Given the very large volume of existing research in the area of action recognition, we observe that action representation can range from spatiotemporally local to global features. On one end of this spectrum are interest point based representations where a single descriptor encodes the appearance or motion, in very small x-y-t volumes, while on the other hand features based on actor silhouettes, contours, and spacetime volumes attempt to capture the entire action in a single feature ignoring the intuitive compositional hierarchy of action primitives. This observation forms the basis of the proposed representation with the underlying idea that intermediate features (action primitives) should: (a) span as large as possible but contiguous x-y-t volumes with smoothly varying motion, and (b) should be flexible enough to allow deformations arising from articulation of body parts. A byproduct of these properties is that the intermediate representation will be conducive to human understanding. In other words, a meaningful action primitive is one which can be illustrated visually, and described textually, e.g., left arm moving upwards, or right leg moving outwards and upwards, etc.

    Figure 1: The proposed probabilistic representation of primitive actions.       

      

This project proposes such a representation based on motion primitives, examples of which are shown in Figure. 1. The main goals of the proposed approach are: (1) to enable recognition using very few examples, i.e., one, or k-shot learning, and (2) meaningful organization of unlabelled data sets by unsupervised clustering. Our proposed representation is obtained by automatically discovering high level sub-actions or motion primitives, by hierarchical clustering of observed optical flow in four dimensional, spatial and motion flow space.

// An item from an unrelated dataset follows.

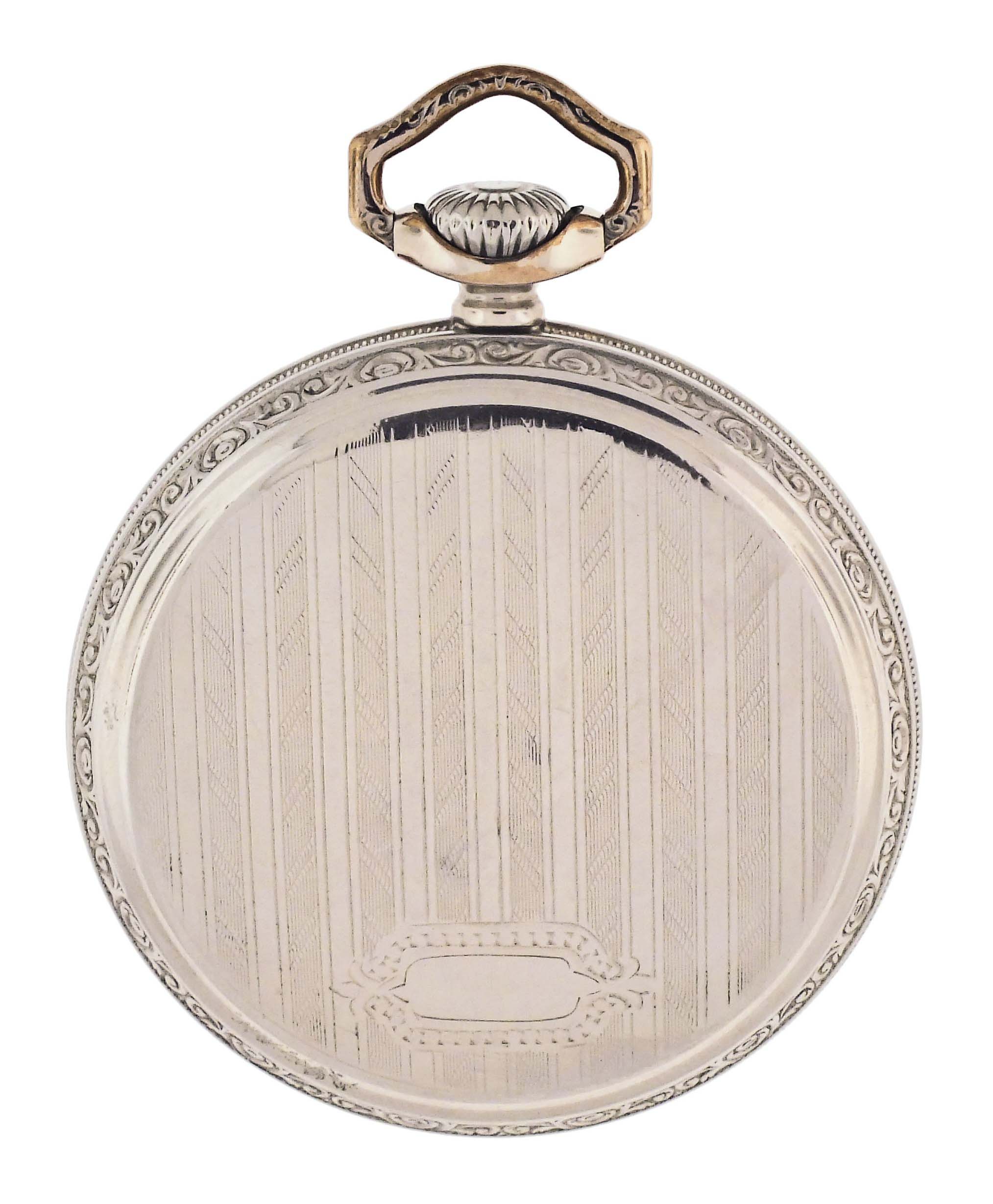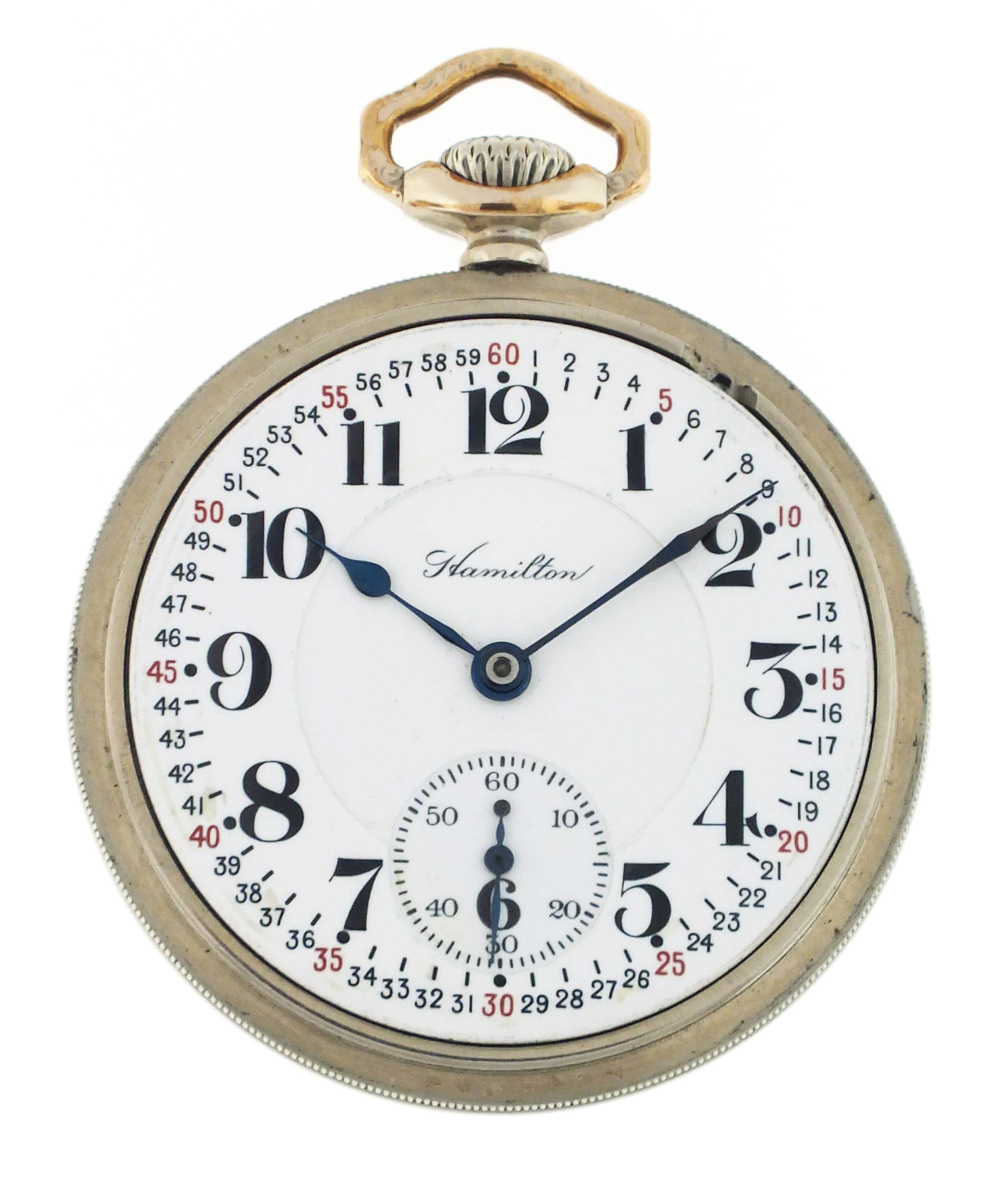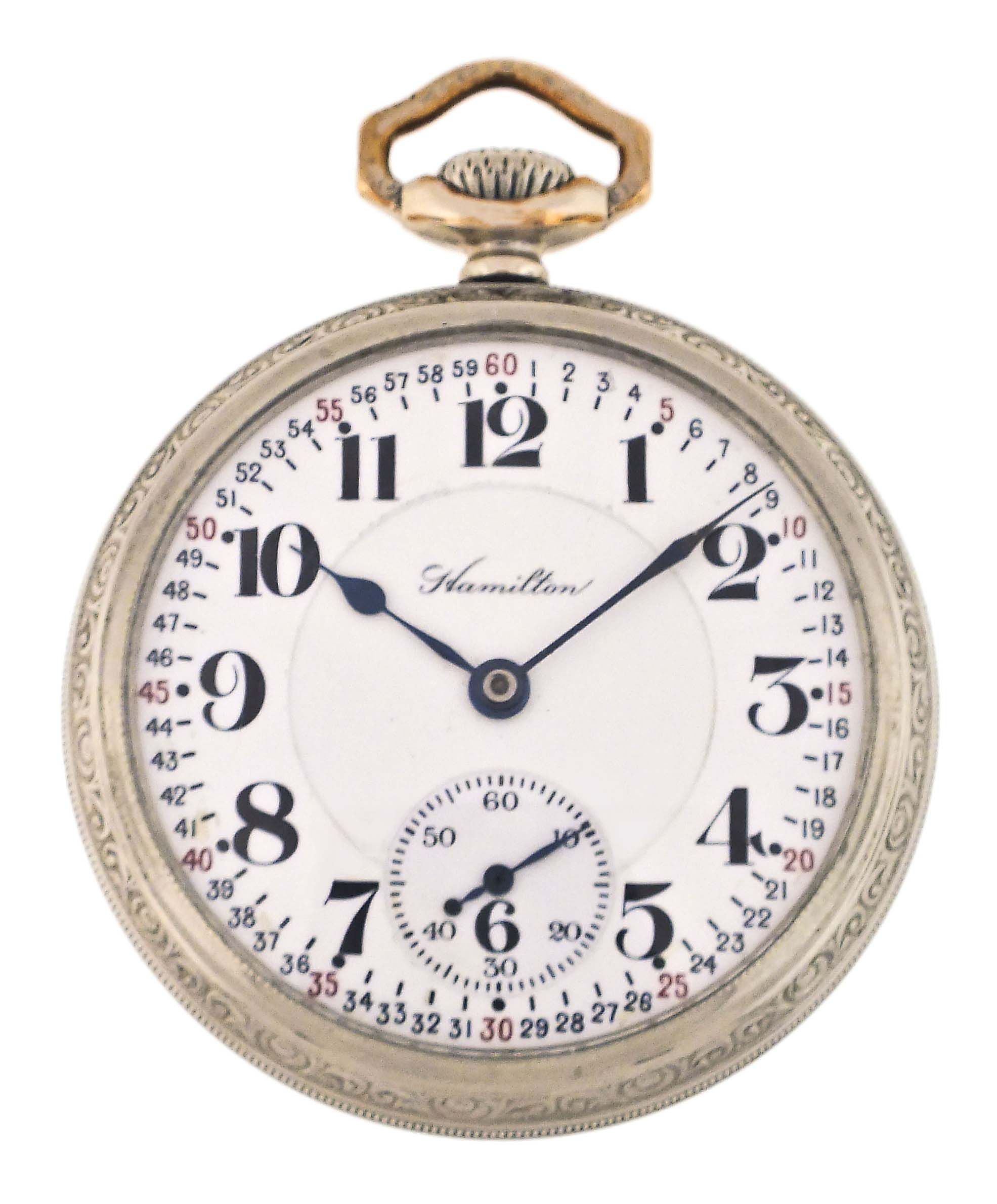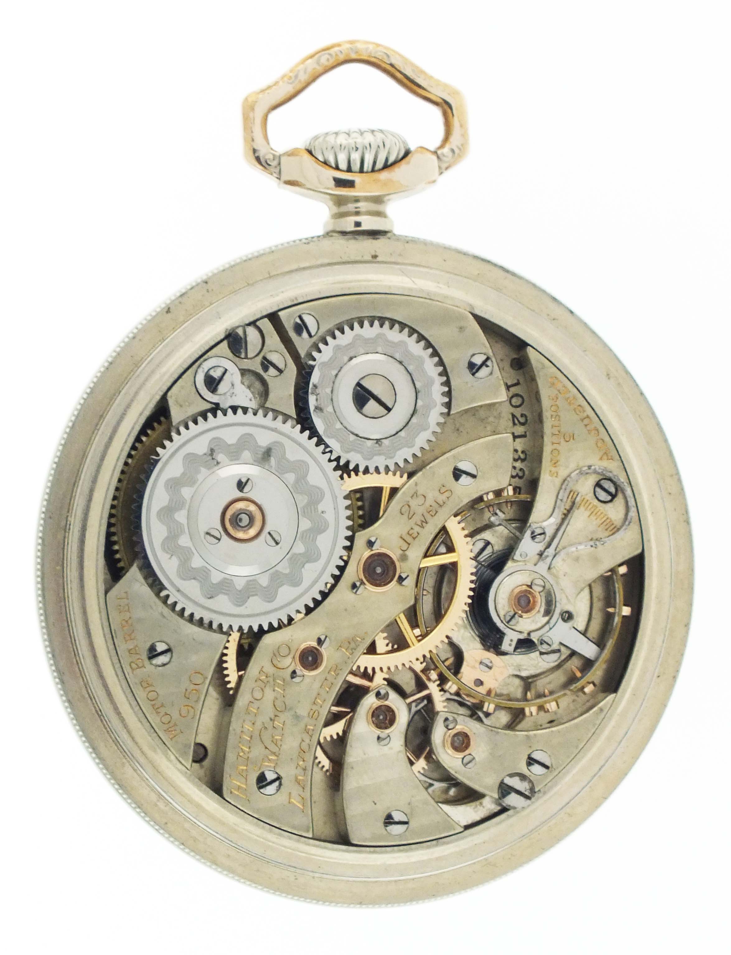 Hamilton Watch Co., Lancaster, Penn., a grade "950" pocket watch, 16 size, 23 jewels, stem wind and lever set, adjusted to 5 positions, temperature and isochronism, damascened nickel plate movement with lever escapement, cut bimetallic balance balance with gold screws, gold jewel settings, gold wheel train and whiplash micrometric regulator in a white gold filled, screw back and bezel, engraved open face case, Montgomery arabic numeral double sunk white enamel dial, blued steel spade and poker hands, serial #1021335

Motion Primitives Discovery

The goal of the proposed human action representation is two fold: (i) to automatically discover discriminative, and meaningful sub-actions (or primitives) within videos of articulated human actions, without assuming priors on their number, type, or scale, and (ii) to learn the parameters of a statistical distribution that best describes the location, shape, and motion flow of these primitives, in addition to their probability of occurrence. Our choice for action primitives modeling is to estimate a statistical description of regions of similar optical flow using Gaussian mixture distributions. The details of our framework are described in the following subsections. Figure 2 shows the process flow of the proposed approach for action representation, recognition and clustering.

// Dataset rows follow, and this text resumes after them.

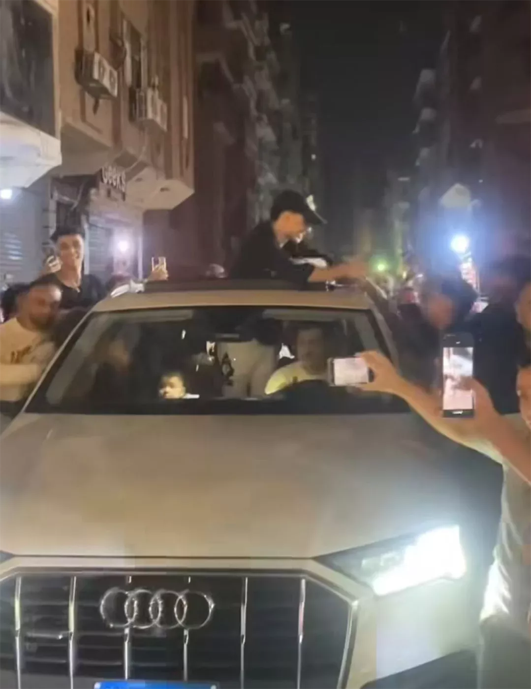 وحظي سامر المدني مطرب المهرجانات باستقبال احتفالي من أصدقائه الذين نظموا له زفة بالسيارات والدراجات النارية بمناسبة عودته.
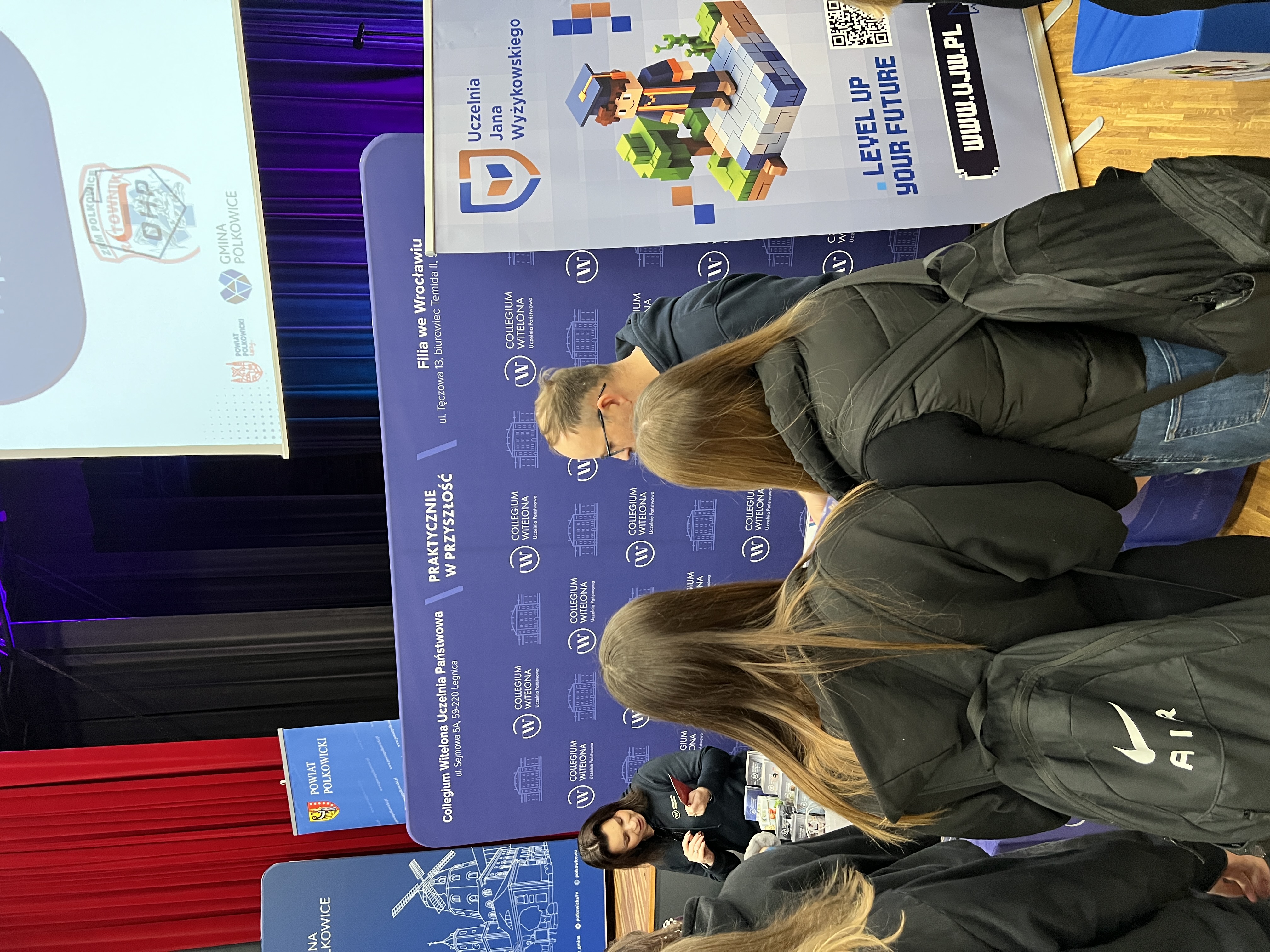 Podczas targów uczestnicy mieli okazję poznać bogatą ofertę kształcenia Collegium Witelona, porozmawiać z przedstawicielami naszej Uczelni i uzyskać informacje na temat kierunków studiów, praktyk oraz możliwości rozwoju zawodowego. Stoisko Collegium cieszyło się dużym zainteresowaniem, a rozmowy z uczniami pokazały, że młodzież coraz chętniej sięga po nowoczesne formy edukacji i praktyczne kierunki studiów.
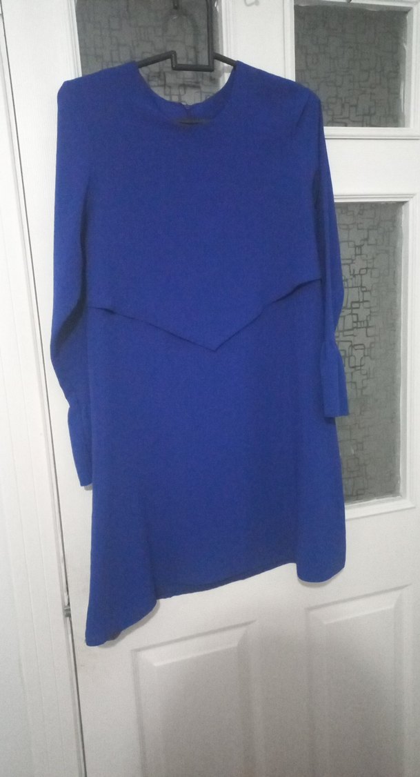 Kadınlar için koyu mavi renkte, uzun kollu ve yuvarlak yakalı, drapeli midi uzunlukta rahat kesim tunik. Yumuşak ve sıcak kumaştan üretilmiştir. pazarlık payı vardir
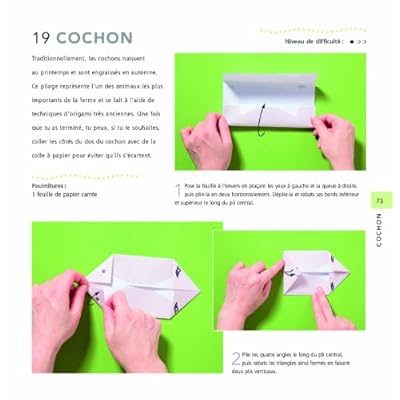 - Recréer une ferme entière grâce aux pliages en origami, c’est désormais possible ! - Au fil des saisons, les animaux, les légumes du potager et les bâtiments vont enfin prendre vie sous les mains de vos enfants. Le matériel essentiel – les feuilles d’origami - est fourni dans le livre. On le complète avec uniquement de la colle et des ciseaux. - Toutes les techniques de base de l’origami sont expliquées simplement et illustrées pour une meilleure compréhension en début d’ouvrage.
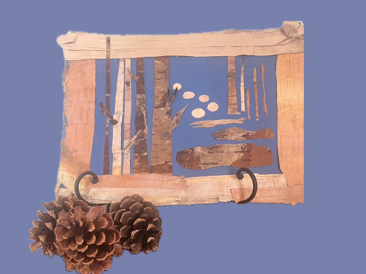 Create a 3D winter mixed media piece with Birch Tree Bark, textiles and white stone on board. All supplies will be provided, and no art experience is needed.

Figure 2: The process flow of the proposed approach for action representation, recognition and clustering.

Low Level Feature Computation

We first employ a simple process which includes computation of intensity difference images for consecutive frames, and thresholding of this difference image to obtain the motion blob, which is then represented as a coarse bounding box. These bounding boxes obtained in successive frames are then stacked together to obtain a sequence of cropped image frames for the entire training data set. Lucas-Kanade optical flow is then computed for the centralized training videos. Some of the noise in optical flow is eliminated by removing flow vectors with magnitude below a small threshold. The resulting optical flow captures articulated motion as shown in Fig. 3. We propose that an action primitive be described as a Gaussian mixture distribution. The goal of the training (or learning) phase then, is to estimate the parameters of each such mixture distribution, where the number of primitive actions (motion patterns), as well as the number of components, in each pattern's mixture distribution are unknown.

Figure 3: Process of optical flow computation for 4 frames from Weizmann 'Side' action.


Gaussian Mixture Learning

We begin by performing a K-means clustering of all the 4d feature vector (optical flow uv and location xy) obtained, as shown in Fig. 4(b). The value of K is not crucial and the goal is to obtain many, low variance clusters, which will become the Gaussian components in the motion patterns mixture distributions. The clustering is performed separately for D, short disjoint video clips, each of which contains k frames.

Figure 4: Illustration of primitives discovery from optical flow.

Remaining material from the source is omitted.